На следующий день приехал мой крестный, Ник Кендалл, с Луизой. Близких родственников у меня не было, поэтому за исключением того, что Эмброз отказал Сикому и другим слугам, да обычных пожертвований беднякам прихода, вдовам и сиротам, все движимое и недвижимое имущество было оставлено мне. Ник Кендалл в библиотеке прочел мне завещание. Луиза вышла в сад. Несмотря на юридическую терминологию, документ оказался простым и понятным. За исключением одного пункта. Итальянец Райнальди был прав. Ник Кендалл действительно становился моим опекуном, так как имение реально переходило в мою собственность только по достижении мною двадцатипятилетнего возраста.

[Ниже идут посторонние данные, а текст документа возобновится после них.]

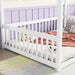 Full Size Canopy Frame Floor Bed With Fence, Guardrails - White
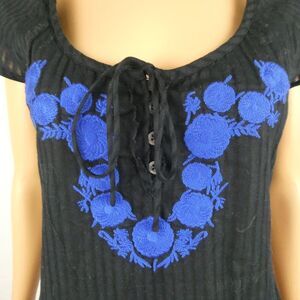 Machine washable cotton. Black with shadow stripes and blue floral embroidery. Cap sleeves, some raw hems and ties at the neck with a few buttons as well. Size 2. Can also be worn as a mini dress!

— Эмброз считал, — сказал крестный, — что молодой человек до двадцати пяти лет сам толком не знает, чего хочет. В тебе могла проявиться слабость к вину, картам или женщинам, и статья, обусловливающая возраст вступления в наследство, — не более чем мера предосторожности. Я помогал ему составить завещание, когда ты еще был в Харроу, и, хотя мы не замечали в тебе дурных склонностей, Эмброз счел за благо включить этот пункт. «Для Филиппа тут нет ничего обидного, — сказал он, — но это научит его осторожности». Впрочем, что есть, то есть, и ничего не поделаешь. Практически это тебя ничуть не ущемляет, за исключением того, что тебе еще семь месяцев придется обращаться ко мне за деньгами для платежей, по имению и на личные расходы. Ведь твой день рождения в апреле, так?
— Пора бы и запомнить, — сказал я. — Вы же мой крестный отец.
— Ну и забавный ты был червячок! — Он улыбнулся. — Так и уставился любопытными глазенками на пастора… Эмброз только что вернулся из Оксфорда. Он схватил тебя за нос, чтобы ты заплакал, чем привел в ужас свою тетушку — твою мать. Потом вызвал твоего бедного отца помериться силами в гребле; они промокли до нитки, пока доплыли до Лостуитиела. Ты когда-нибудь чувствовал себя сиротой, Филипп? Тебе, наверное, нелегко было расти без матери.
— Не знаю, — ответил я. — Я никогда не задумывался об этом. Мне никто не был нужен, кроме Эмброза.
— И все же это неправильно, — возразил крестный. — Я не раз говорил с Эмброзом, но он не слушал меня. В доме нужна была экономка, дальняя родственница, хоть кто-нибудь. Ты вырос, совершенно не зная женщин, и, когда женишься, твоей жене придется нелегко. Не далее как сегодня за завтраком я говорил об этом Луизе.
Крестный осекся. Мне показалось, что ему стало неловко, словно он сказал лишнее, — если только такой человек, как он, вообще способен испытывать неловкость.
— Не беспокойтесь, — сказал я, — когда придет время, моя жена справится. Если такое время вообще придет, в чем я весьма сомневаюсь. Я слишком похож на Эмброза и знаю, к чему привела его женитьба.
Крестный молчал. Я рассказал ему о визите на виллу и о встрече с Райнальди, а он, в свою очередь, показал мне письмо, присланное ему итальянцем. Как я и ожидал, там в холодных высокопарных выражениях излагалась его версия болезни и смерти Эмброза, высказывались сожаления по поводу этой кончины, описывались потрясение и горе безутешной, по мнению Райнальди, вдовы.
— Настолько безутешной, — сказал я, — что на следующий день после похорон она уезжает, как вор, забрав все вещи Эмброза, кроме старой шляпы, о которой забыла. Разумеется, только потому, что шляпа рваная и ничего не стоит.
Крестный кашлянул. Его густые брови нахмурились.
— Конечно, — сказал он, — ты не настолько скуп, чтобы попрекать ее тем, что она оставила себе его книги и одежду. Полно, Филипп, это все, что у нее есть.